Metrics classes: Data aggregation, serialization, time-bucketing
Builder classes: Storage conversion (entity ↔ database)
Dispatcher classes: Routing telemetry data to the correct metrics

Why Rewrite?

The original OAL engine (now called V1) was developed in 2018 and has served SkyWalking well. However, over 6+ years of evolution, several architectural issues emerged:

1. Mutable Parser Models

V1 uses mutable objects throughout the parsing pipeline.

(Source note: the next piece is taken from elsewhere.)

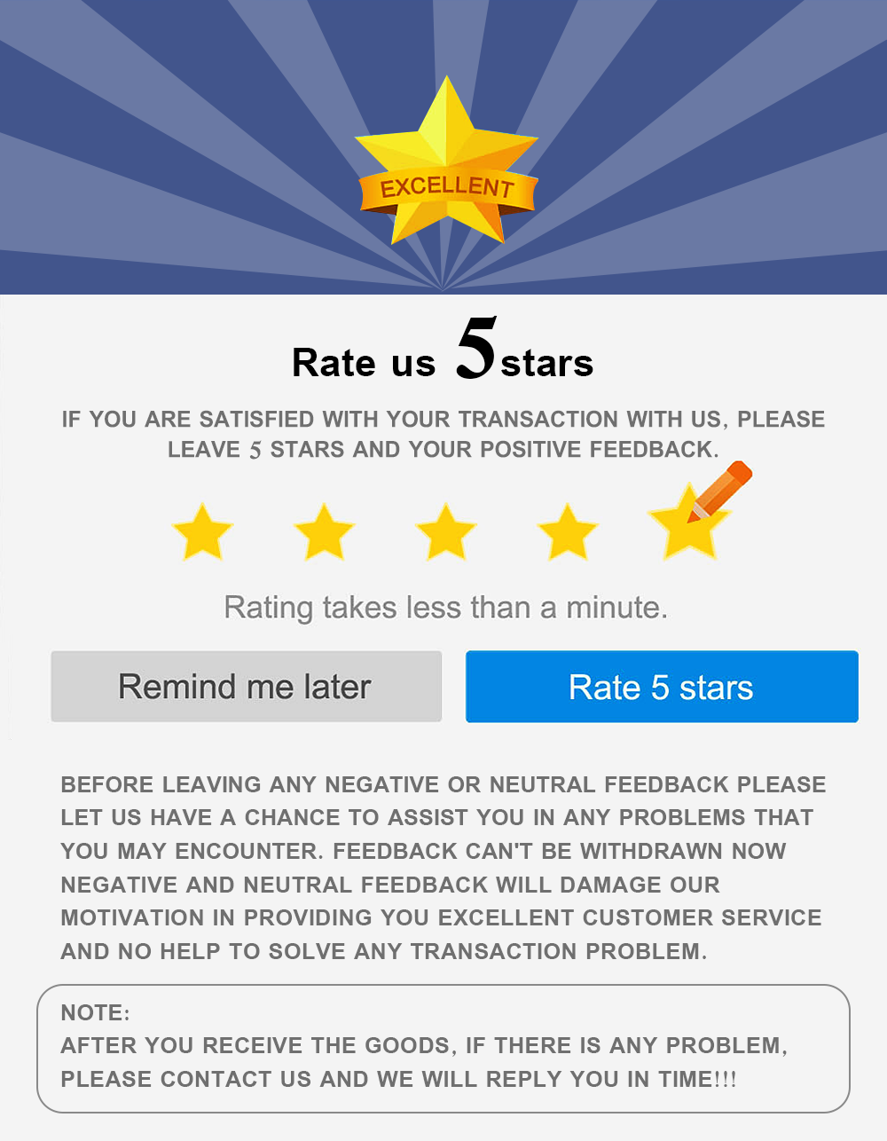 5. Примечание покупателя: Пожалуйста, попросите нас продлить время получения товара, если вы не получили ваш товар вовремя. Спасибо за сотрудничество.

The ANTLR listener directly modifies shared state:

// V1: Mutable accumulation during parsing
public class OALListener {
    private AnalysisResult current;  // Mutable, reused across rules

    public void enterSource(SourceContext ctx) {
        current.setSourceName(ctx.getText());  // Direct mutation
    }
}

This made the code harder to reason about and test in isolation.

2. Mixed Concerns

V1 combines parsing logic with code generation concerns. The parser directly accesses reflection APIs to validate sources:

// V1: Parsing and validation coupled together
public void exitAggregationStatement(...) {
    // Parsing + immediate reflection-based validation
    Class<?> sourceClass = Class.forName(sourceName);
    Field field = sourceClass.getDeclaredField(fieldName);
    // ... continues with more interleaved logic
}

3. Limited Error Messages

When OAL scripts had syntax errors, V1's error messages were often cryptic:

OAL parsing failure.

No line number, no column, no indication of what went wrong.

4. String-Based Type Handling

Filter values and function arguments were stored as raw strings, requiring repeated parsing:

// V1: String-based, parsed multiple times
String filterValue = "DetectPoint.CLIENT";
// Later: parse again to determine if it's an enum, string, or number

What Changed in V2

Clean Architecture with Immutable Models

V2 introduces a clear separation between parsing, enrichment, and code generation:

┌─────────────┐    ┌─────────────┐    ┌─────────────┐    ┌─────────────┐
│  .oal file  │───▶│   Parser    │───▶│  Enricher   │───▶│  Generator  │
│             │    │             │    │             │    │             │
│ OAL script  │    │ MetricDef   │    │ CodeGenModel│    │ Bytecode    │
│             │    │ (immutable) │    │ (metadata)  │    │             │
└─────────────┘    └─────────────┘    └─────────────┘    └─────────────┘

All parser output is immutable:

// V2: Immutable model with builder
@Getter
public class MetricDefinition {
    private final String name;
    private final SourceReference source;
    private final List<FilterExpression> filters;  // Unmodifiable
    private final FunctionCall aggregationFunction;

    // Built via builder, never modified after construction
}

Type-Safe Filter Values

V2 represents filter values with proper types from the start:

// V2: Type-safe from parsing
public sealed interface FilterValue {
    record StringValue(String value) implements FilterValue {}
    record LongValue(long value) implements FilterValue {}
    record BooleanValue(boolean value) implements FilterValue {}
    record EnumValue(String enumClass, String enumValue) implements FilterValue {}
    record ListValue(List<FilterValue> values) implements FilterValue {}
}

Rich Error Messages with Source Location

Every parsed element carries its source location:

public record SourceLocation(String fileName, int line, int column) {
    public String format() {
        return fileName + ":" + line + ":" + column;
    }
}

Error messages now include precise locations:

OAL parsing error at core.oal:42:15
  Undefined source field: Service.latencyy (did you mean: latency?)

Independent Codebase

V2 has zero dependencies on V1 code. The entire implementation lives in dedicated packages:

org.apache.skywalking.oal.v2/
├── model/           # Immutable AST models
├── parser/          # ANTLR listener and parser facade
├── generator/       # Code generation (Javassist + FreeMarker)
├── metadata/        # Source introspection utilities
└── OALEngineV2      # Main entry point

How We Validated: Bytecode-Level Comparison

The most critical question: Does V2 generate identical code to V1?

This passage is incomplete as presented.